[Prompt] For each entry below, please return its exact wording and leave out any picture.

::::::::

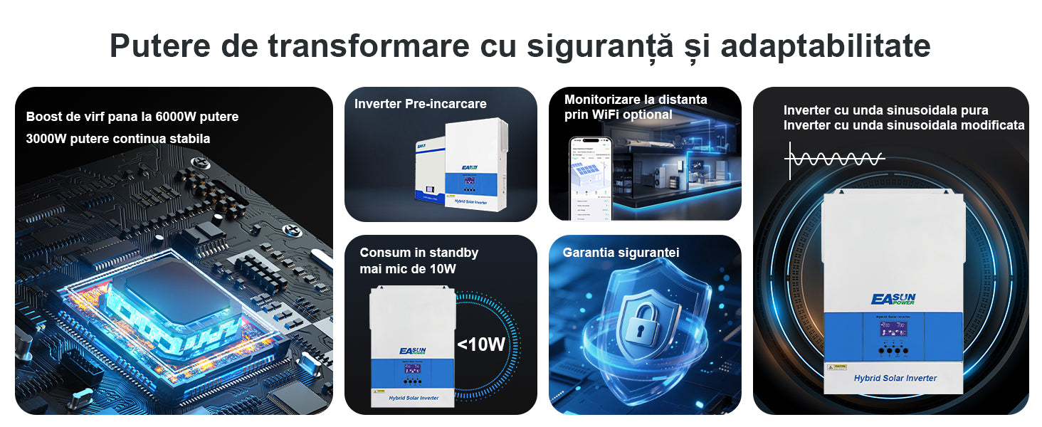 Invertor 6200W: Invertorul Easun Power de 6200W cu undă sinusoidală pură convertește eficient 48V DC în 220V-230V AC. Oferă o ieșire de curent curată, stabilă și cu interferențe reduse pentru toate aparatele, asigurând funcționarea lor stabilă pe termen lung.
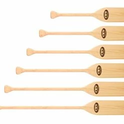 Natural finish New Zealand pine wood. Lightweight, but built for performance. Multi-ply laminated construction for strength. Waterproof polyurethane finish. Brown epoxy blade tips for durability. Traditional shaft and grip.
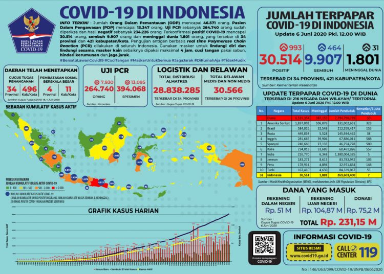 Data Kasus Positif COVID-19 di Indonesia 6 Juni 2020
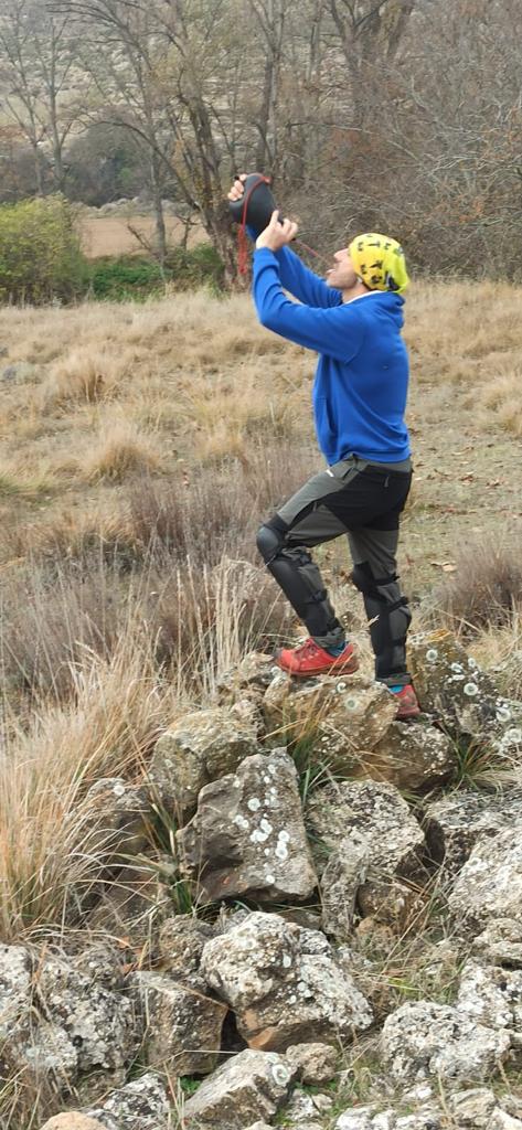 Es un juego de pastores que consiste en sujetar el garrote (cayado del pastor) con una mano en cada lado horizontalmente y sin soltar ninguna de las dos manos saltar el palo poniendo los pies al otro lado.
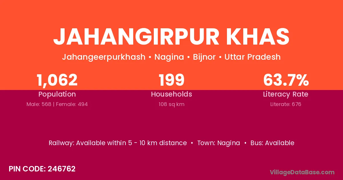 Jahangirpur Khas village has a total population of 1,062 people, of which 568 are males and 494 are females.

::::::::

[Reply]
 Invertor 6200W: Invertorul Easun Power de 6200W cu undă sinusoidală pură convertește eficient 48V DC în 220V-230V AC. Oferă o ieșire de curent curată, stabilă și cu interferențe reduse pentru toate aparatele, asigurând funcționarea lor stabilă pe termen lung.
 Natural finish New Zealand pine wood. Lightweight, but built for performance. Multi-ply laminated construction for strength. Waterproof polyurethane finish. Brown epoxy blade tips for durability. Traditional shaft and grip.
 Data Kasus Positif COVID-19 di Indonesia 6 Juni 2020
 Es un juego de pastores que consiste en sujetar el garrote (cayado del pastor) con una mano en cada lado horizontalmente y sin soltar ninguna de las dos manos saltar el palo poniendo los pies al otro lado.
 Jahangirpur Khas village has a total population of 1,062 people, of which 568 are males and 494 are females.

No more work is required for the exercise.